エリック・サティのピアノ曲「グノシエンヌ」が流れる静謐な雰囲気の中、発表されたのは黒を中心とした幻想的なコレクション。シルエットはリーンで縦長のものが中心で、テーラードをベースにしたジャケットは上からソリッドな太いベルトでコルセットのように締め、ボトムスにもタイトなパンツを合わせる。ひじまで隠れるロンググローブも縦長のシルエットをさらに強調していた。
シルエットはストイックだが、ディテールは徹底した装飾が施され、ブラックでほぼ統一されたコレクションに様々なバリエーションを生み出す。ベルトやトップスの襟元にはカラスのようなフェザーをあしらう。長めのレースを垂らしたレースアップのディテールもジャケットのフロント、グローブ、ベルトなど様々なアイテムで多用された。

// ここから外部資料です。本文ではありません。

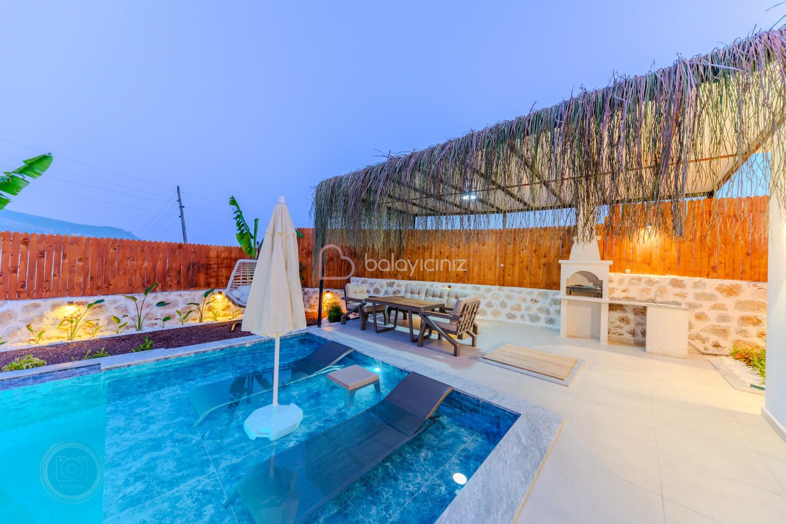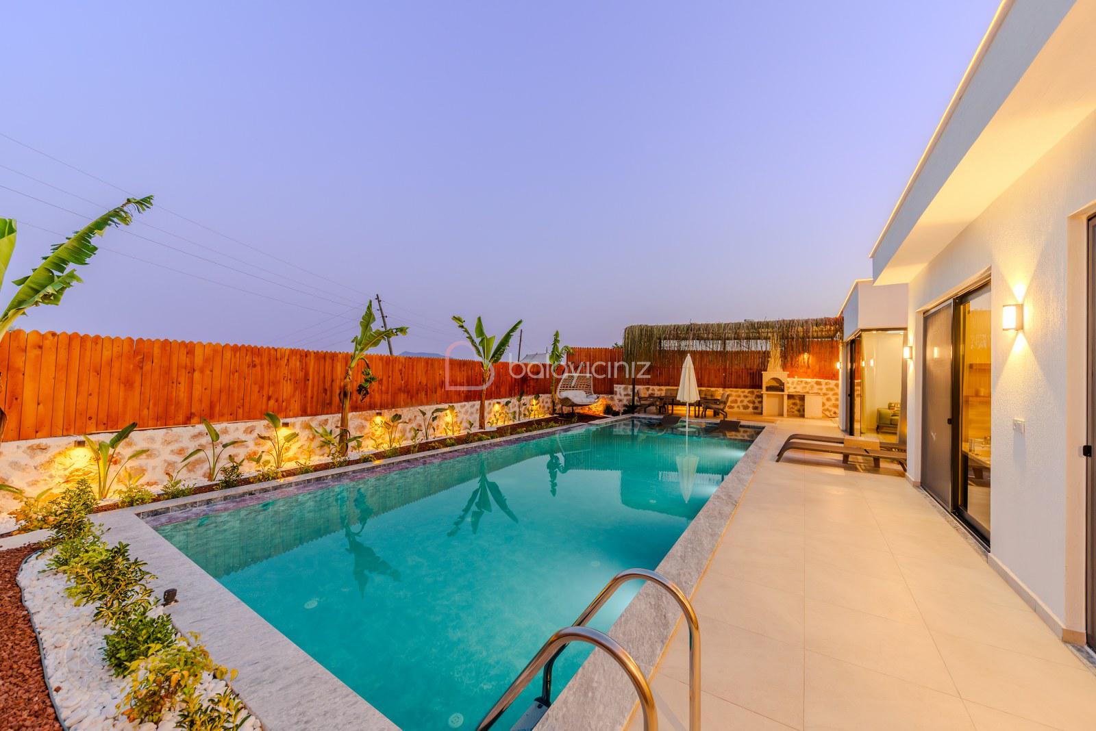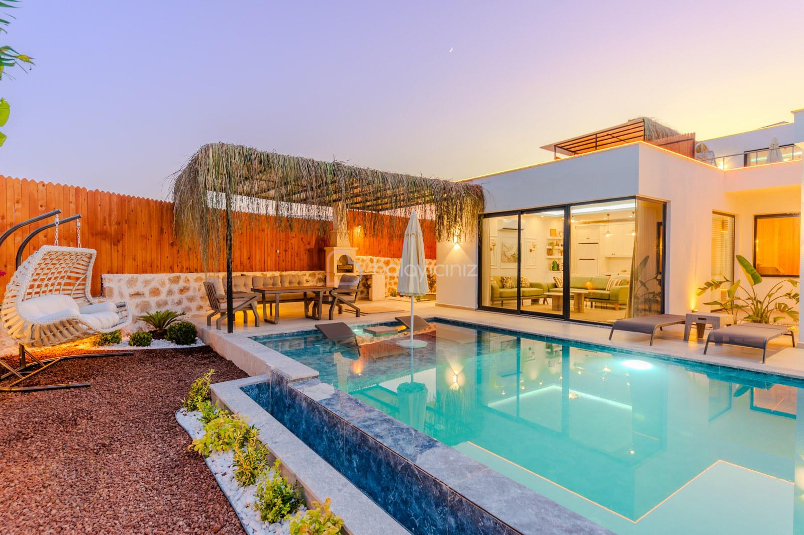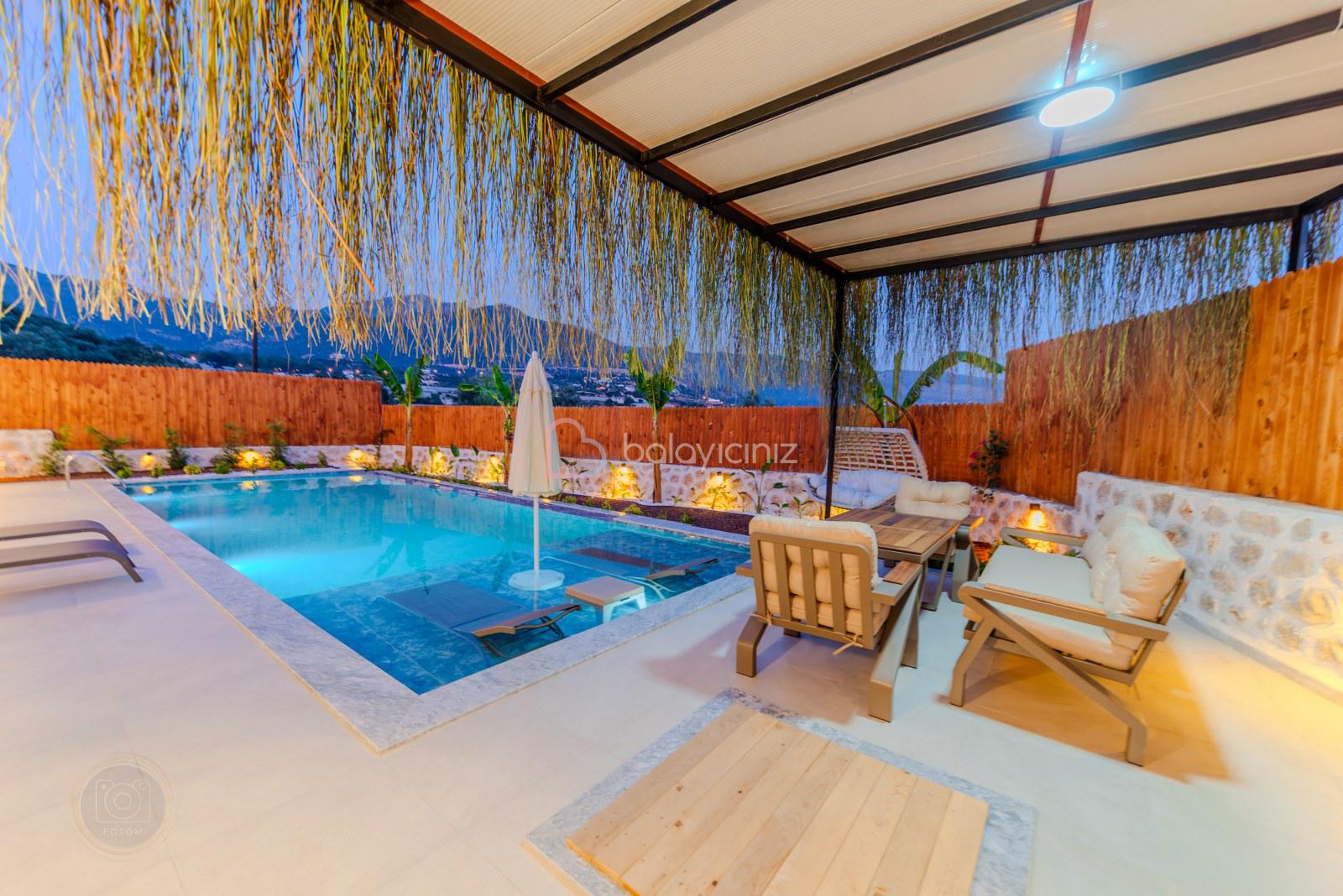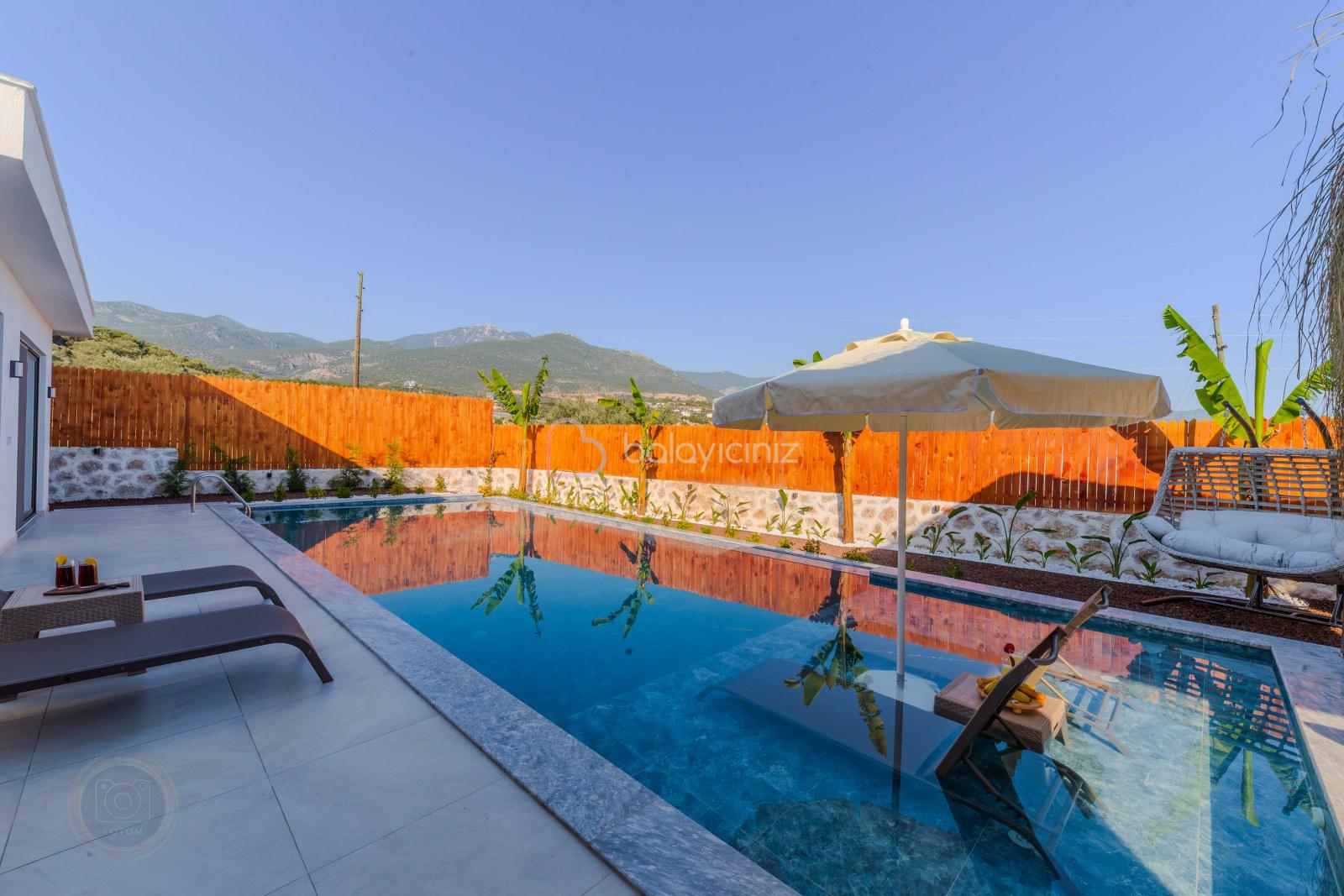 Villa Starlin bahçesinde özel yüzme havuzu, şezlong, semsiye,oturma grubu, mangal ve salıncak bulunmaktadır.

音楽は「白鳥の湖」を経てドビュッシーの「牧神の午後の前奏曲」へと移り、幻想的な世界が膨らんできたところで登場したのは毛足の長い雪男のようなファーのアイテム群。コートとして用いられたり、全身ファーのルックも登場した。特に赤やブラウンが混ざったファーは、空想上の動物のような不思議な存在感をはなっていた。強固な世界観を持ち、それをウェアラブルなファッションを通じて表現するデザイナーの力量をあらためて感じさせるコレクションだ。